Para ler é só clicar na imagem
Escrevi no post publicado aqui no Blog que “A demora foi justificada pela troca de governo”. Reconheci que isso é normal. E ainda escrevi:
“Entendo que o processo de transição tem que ser feito com cautela para que possamos saber quem poderá representar o estado neste grupo. Porém, esse adiamento pode se estender mais do que eu ou vocês imaginam. A indicação dessa pessoa para dar continuidade ao processo para criação de um projeto de lei pode ser bem demorada.
Mas quero deixar bem claro a todas mulheres mercantes que tanto eu como o SINDMAR não vamos esquecer disso. Um segredinho para vocês: isso é minha meta pessoal. Não abrirei mão de tal feito. Quero, quero e quero esse projeto. Vocês sabem como é ariana, não é?”

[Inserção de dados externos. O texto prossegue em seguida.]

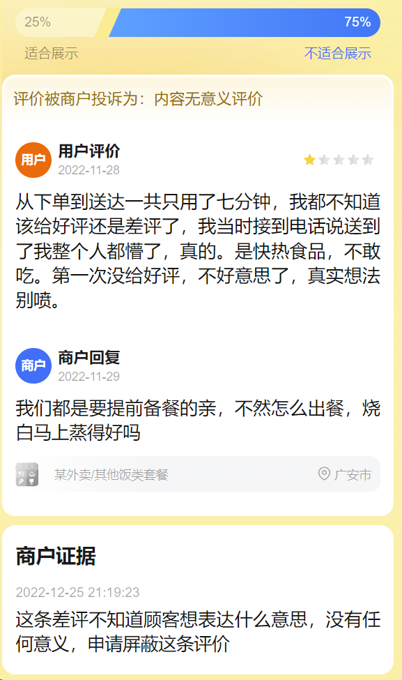 这条差评不知道顾客想表达什么意思,没有任何意义,申请屏蔽这条评价
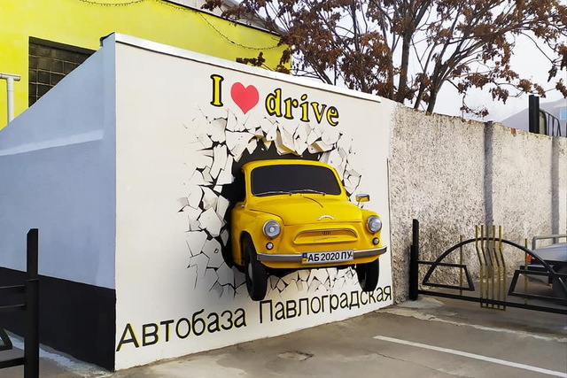 «Біля Павлоградської автобази "ДТЕК "Павлоградвугілля" відкрився креативний арт-об'єкт - жовтий горбатий Запорожець, який стирчить зі стіни з написом "I love drive".

Mais Laurinha do que isso, impossível, não é?
Acredito que um olhar diferenciado na questão da mulher mercante grávida possa modificar a tal evasão citada pelo jornalista. Creio que seja essa a proposta de debate desse grupo de trabalho.
Já que não leu o Valor Econômico, não leu o relatório da UERJ, não ouviu o Sindmar, George Vidor poderia, pelo menos, ler o Blog das Mulheres Mercantes. Quem sabe assim estaria mais bem informado.